Top of Entries shown

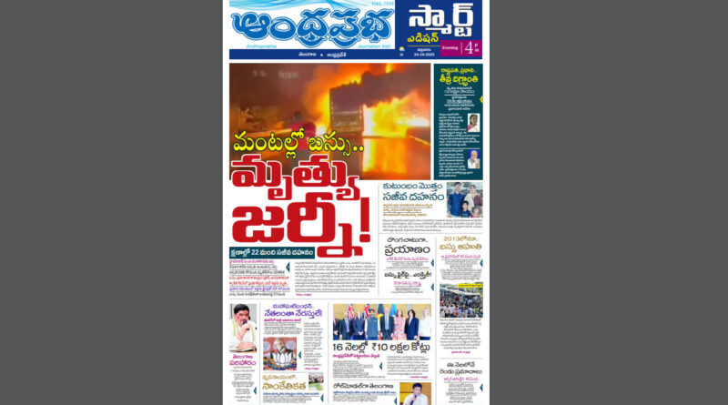 ఆంధ్రప్రభ స్మార్ట్ ఎడిషన్ 24-10-2025, 12.00AM👉 మంటల్లో బస్సు.. మృత్యు జర్నీ👉 నిద్రలోనే
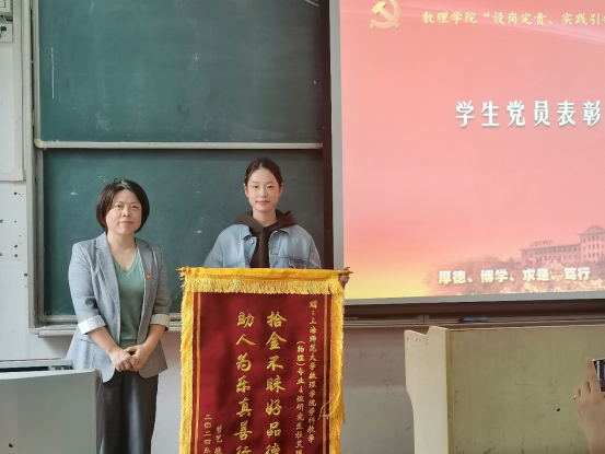 会上数理学院党委书记唐洁还为杜艾瑶同学颁发了“拾金不昧”锦旗。杜艾瑶同学之前在校外的共享单车上捡到了失主的背包并主动交给附近派出所,帮助失主顺利找回遗失物品,展现了党员的高尚品质和良好风范。此举为学院学生党员树立了良好的榜样,传递了正能量。相信在全体师生党员的共同努力下,今年的设岗定责活动将顺利开展,为学院的党建工作注入新的动力。
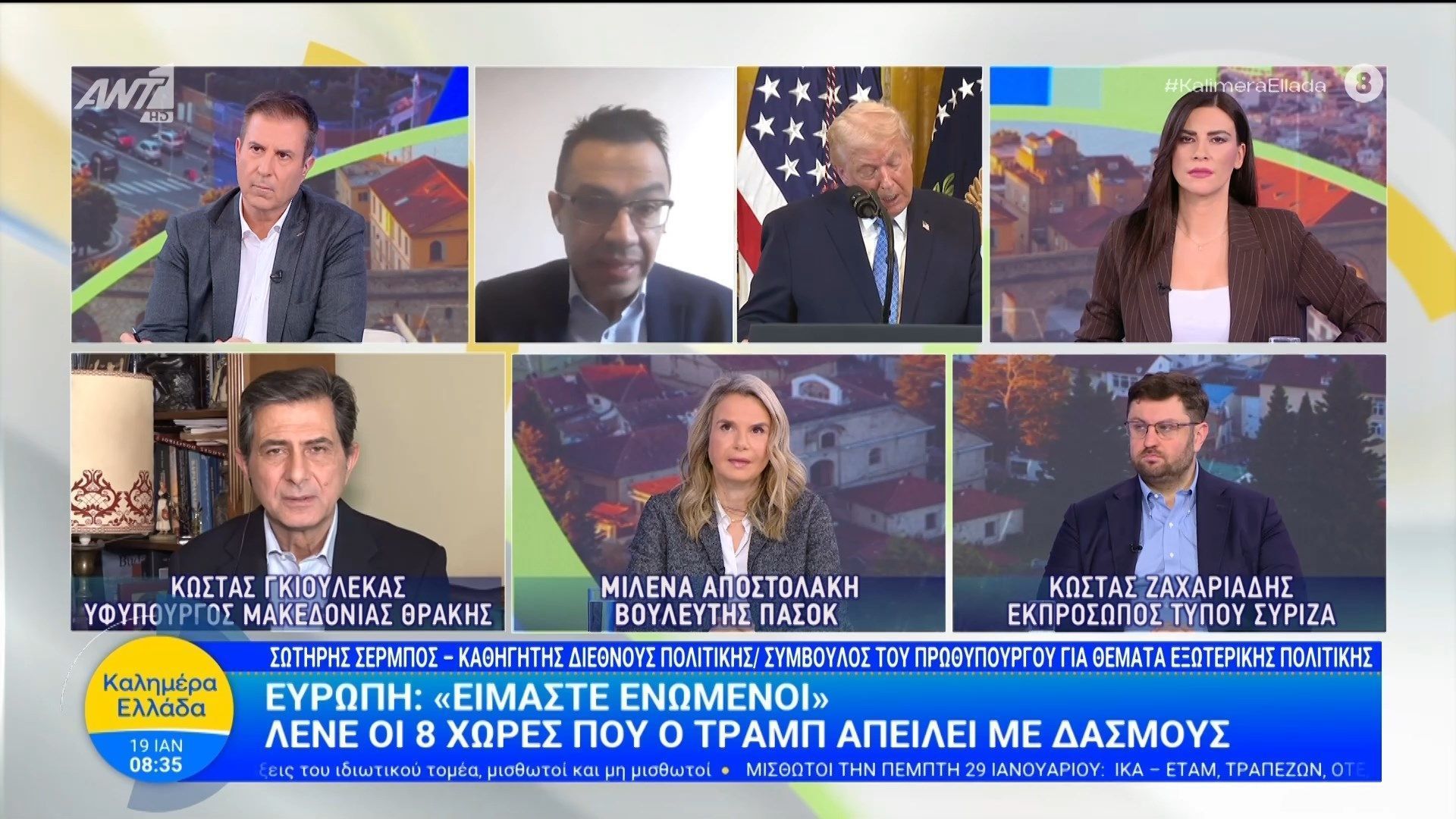 Ο Σωτήρης Σέρμπος, καθηγητής Διεθνούς Πολιτικής και σύμβουλος του πρωθυπουργού, αναλύει την πρόσφατη απειλή του πρώην προεδρικού υποψηφίου Ντόναλντ Τραμπ προς οκτώ ευρωπαϊκές χώρες σχετικά με την επιβολή δασμών. Οι χώρες αυτές δηλώνουν την ενότητά τους και τονίζουν την ανάγκη για συνεργασία προκειμένου να αντιμετωπίσουν τις προκλήσεις που προέρχονται από την επιθετική εμπορική πολιτική.
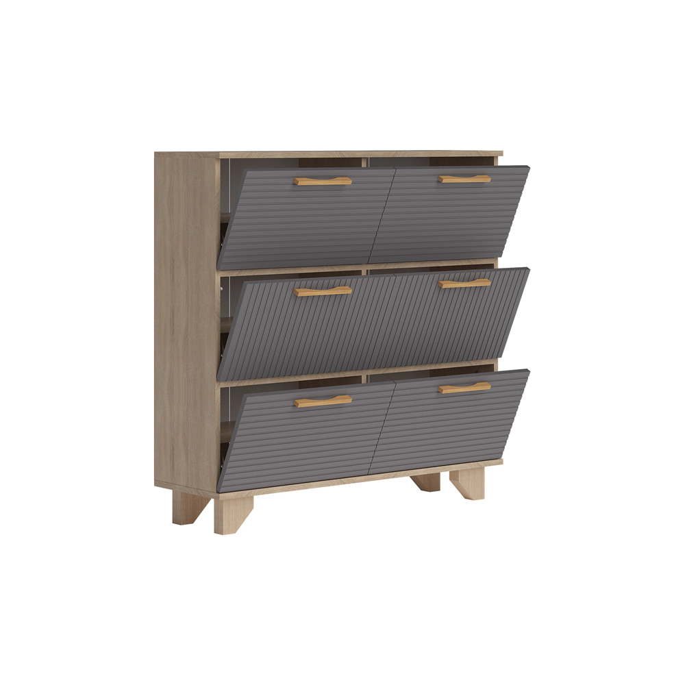 Обувница 1000.6 – это практичное и стильное решение для организации хранения обуви в вашем доме. Ее компактный дизайн позволяет разместить обувницу в прихожей или коридоре, оптимально используя доступное пространство. Особенности: — Материал корпуса: ЛДСП — Материал фасада: МДФ — Материал ручек: Массив дерева — Высота ножек/опор: 10 см.
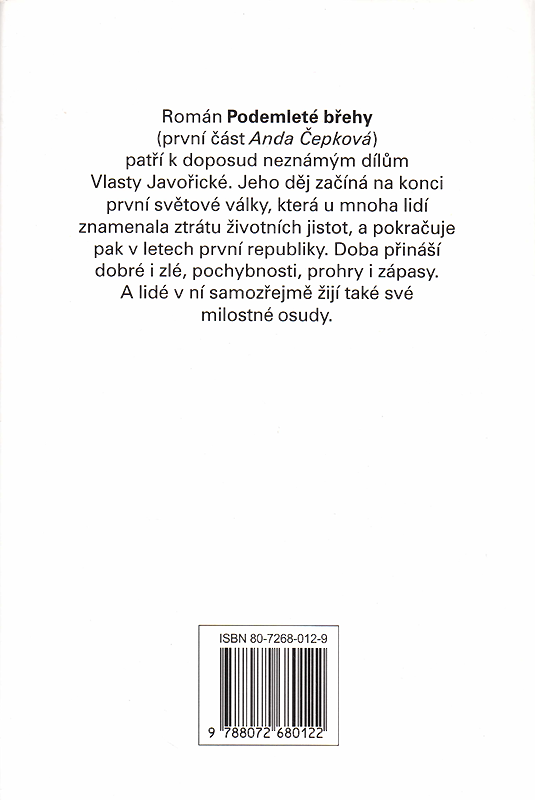 Román Podemleté břehy (první část Anda Čepková) patří k doposud neznámým dílům Vlasty Javořické. Jeho děj začíná na konci první světové války, která u mnoha lidí znamenala ztrátu životních jistot, a pokračuje pak v letech první republiky. Doba přináší dobré i zlé, pochybnosti, prohry i zápasy. A lidé v ní samozřejmě žijí také své milostné osudy.

Bottom of Entries shown

> **What is expected**
Because only the text is wanted, repeat all the entries exactly and leave out the pictures.

> **Solution for this problem**
 ఆంధ్రప్రభ స్మార్ట్ ఎడిషన్ 24-10-2025, 12.00AM👉 మంటల్లో బస్సు.. మృత్యు జర్నీ👉 నిద్రలోనే
 会上数理学院党委书记唐洁还为杜艾瑶同学颁发了“拾金不昧”锦旗。杜艾瑶同学之前在校外的共享单车上捡到了失主的背包并主动交给附近派出所,帮助失主顺利找回遗失物品,展现了党员的高尚品质和良好风范。此举为学院学生党员树立了良好的榜样,传递了正能量。相信在全体师生党员的共同努力下,今年的设岗定责活动将顺利开展,为学院的党建工作注入新的动力。
 Ο Σωτήρης Σέρμπος, καθηγητής Διεθνούς Πολιτικής και σύμβουλος του πρωθυπουργού, αναλύει την πρόσφατη απειλή του πρώην προεδρικού υποψηφίου Ντόναλντ Τραμπ προς οκτώ ευρωπαϊκές χώρες σχετικά με την επιβολή δασμών. Οι χώρες αυτές δηλώνουν την ενότητά τους και τονίζουν την ανάγκη για συνεργασία προκειμένου να αντιμετωπίσουν τις προκλήσεις που προέρχονται από την επιθετική εμπορική πολιτική.
 Обувница 1000.6 – это практичное и стильное решение для организации хранения обуви в вашем доме. Ее компактный дизайн позволяет разместить обувницу в прихожей или коридоре, оптимально используя доступное пространство. Особенности: — Материал корпуса: ЛДСП — Материал фасада: МДФ — Материал ручек: Массив дерева — Высота ножек/опор: 10 см.
 Román Podemleté břehy (první část Anda Čepková) patří k doposud neznámým dílům Vlasty Javořické. Jeho děj začíná na konci první světové války, která u mnoha lidí znamenala ztrátu životních jistot, a pokračuje pak v letech první republiky. Doba přináší dobré i zlé, pochybnosti, prohry i zápasy. A lidé v ní samozřejmě žijí také své milostné osudy.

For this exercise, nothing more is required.